Specific numerical values of the length, width, and depth of the main sipe 21 are not limited. As an example, the width of the main sipe 21 is 0.3 mm or more and 0.8 mm or less, and the depth of the main sipe 21 is 50% or more and 70% or less of the depth of the main groove 10.

Further, the auxiliary sipe 23 of the present embodiment is linear in a plan view. Two auxiliary sipes 23 extending from one main sipe end 22 form a V shape. It is preferable that the angle θ in the extension direction of the auxiliary sipe 23 with respect to the extension direction of the main sipe 21 is 50 ° or more and 70 ° or less, respectively. Therefore, the angle 2θ formed by the two auxiliary sipes 23 is preferably 100 ° or more and 140 ° or less.

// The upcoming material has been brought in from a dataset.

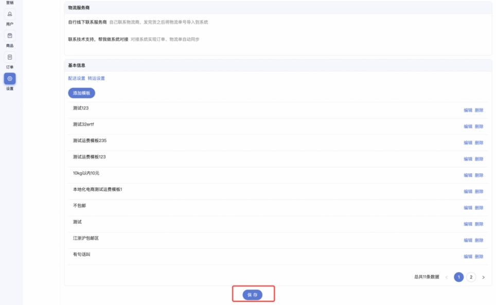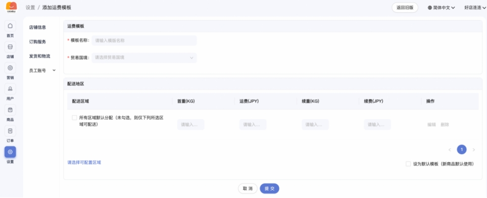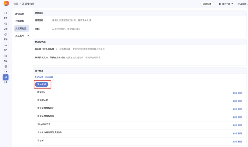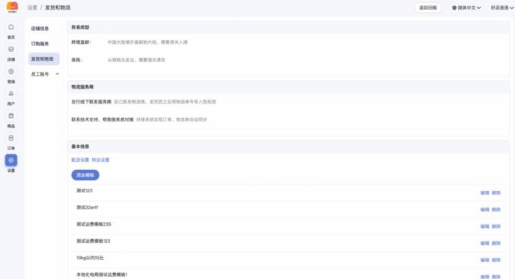 • 运费模板:可添加运费模板,用于商品下单时运费计算

As shown in FIG. 3, the auxiliary sipe 23 gradually shortens toward the depth direction. That is, the length of the auxiliary sipe 23 in the extension direction (direction of arrow B in FIGS. 2 and 3) becomes shorter as the position of the auxiliary sipe 23 becomes deeper. As shown in FIG. 3, the auxiliary sipe 23 is connected to the main sipe 21 from the opening end 24 to the ground plane side to the bottom 25. Therefore, the auxiliary sipe 23 gradually becomes shorter toward the main sipe 21 as it gets deeper.

As shown in FIG. 3, in the present embodiment, in the cross section of the auxiliary sipe 23 in the depth direction and the extension direction, the end portion of the auxiliary sipe 23 opposite to the main sipe 21 (referred to as the auxiliary sipe end 26) has a straight line. It is drawn, and the cross-sectional shape of the auxiliary sipe 23 in the depth direction and the extension direction is a triangle. It is assumed that the auxiliary sipe end 26 continues from the opening end 24 of the auxiliary sipe 23 to the bottom 25.

The specific numerical values of the length, width, and depth of the auxiliary sipe 23 are not limited. The width of the auxiliary sipe 23 may be the same as the width of the main sipe 21, but may be narrower than the width of the main sipe 21 or wider than the width of the main sipe 21. Further, the depth of the auxiliary sipe 23 is preferably 1/3 or more of the depth of the main sipe 21 and less than or equal to the depth of the main sipe 21. The depth of the auxiliary sipe 23 is the length from the opening end 24 to the bottom 25.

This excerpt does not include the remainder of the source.